I had this conversation, not the first, with several members of my brain health care team who said it’s not normal to read a book in one day, that that’s unusual. Really?! Before my brain injury, I’d take out three of these kinds of books — mystery or Star Trek, mass paperback, usually longer than a Rex Stout book — per week, five if I could get away with it, and read one in a day, about two hours, less for a book like Please Pass the Guilt, more for a PD James mystery. I’d often read a book like this in one go, or maybe I’d take it with me when I went out and read it on the TTC, while waiting, while eating alone, even on the escalator or walking, and it was not usual for me to take longer than a day to finish it. I absolutely know I’m not the only one — one day I saw three women on one escalator, noses in their ebooks or paperbacks. I see more and more men reading trade paperbacks on the subway too.
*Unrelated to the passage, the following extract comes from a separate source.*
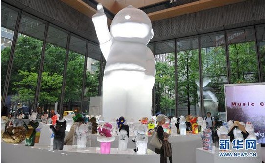 5月15日,日本東京,觀眾觀看香港、日本創(chuàng)意家以“天天向上”為主題的創(chuàng)意雕塑作品。當(dāng)天,為慶祝中國(guó)香港特別行政區(qū)成立15周年,由香港特別行政區(qū)東京經(jīng)濟(jì)貿(mào)易代表部主辦的“天天向上”創(chuàng)意雕塑展在東京舉行。展覽以香港藝術(shù)家榮念曾創(chuàng)作的5米高“天天向上”創(chuàng)意毛坯雕塑為主題,并展示了來(lái)自中國(guó)香港和日本的藝術(shù)家在毛坯雕塑上繪制的不同表情和服飾的130件作品。(來(lái)源:新華網(wǎng))

So I downloaded Please Pass the Guilt from the library onto my Sony Reader and made myself finish reading it in one day.
The best part of reading Please Pass the Guilt was spending time with Archie. Being the narrator, Archie is more present in one’s mind than Nero is. I learnt a few new things about Archie and the running of Nero’s household, and I liked the nuanced change, if temporary, in the relationship between Nero and Inspector Cramer.
The worst part was the act of reading. Because my brain injury harmed my reading ability a great deal — and even though we’ve been focussing treatment on healing the damaged systems involved in reading — it was not easy. First off, reading fatigues me. I had to keep taking breaks to recharge. It reminded me that if such an easy-to-read book as one by Rex Stout saps my energy, then I still have someway to go to be able to read at my old level without needing a nap or three. Then I had a hard time staying engaged — the more tired one is, the harder it is. Plus reading outside naturally means distractions — squirrels, far-off conversations, sounds of an air show. And then there were the usual-for-me-now keeping track of characters, dates (and Rex Stout makes it soooo easy to know what day it is), but at least not plot . . . although the solution made no sense to me. I think my brain must’ve been fried at that point. I shall have to reread it at a slower, broken-up pace so that I can keep up with Archie’s narration and revelation of the motive.
I timed my reading because I always do in order to track my reading progress. It took me just shy of three hours to read this book (I wonder if reading a mass paperback version would’ve taken me longer or the same time . . .). So about 1.5 times longer than my old normal. Since in the early years after my brain injury, it took me longer than 21 days to read a mystery mass paperback and hardly absorb one word of it and would cause me to incur library fines, hence me stopping borrowing books, that’s pretty good. Wish it was better though. (The year it took me a year to read a short non-fiction book liberally sprinkled with illustrations is the year I stopped reading altogether until I found and began treatment for my brain injury.)
I used to solve mysteries before the end, and always loved to see how quickly I could do it. Now I don’t, before the end or even a few times understand them at the end. I’ve gotten used to that big change, but maybe if I can leap the hurdles of reading a short, easy mystery in one day, I shall set the next goal as solving the mystery before the author reveals it, even if it’s only a sentence before.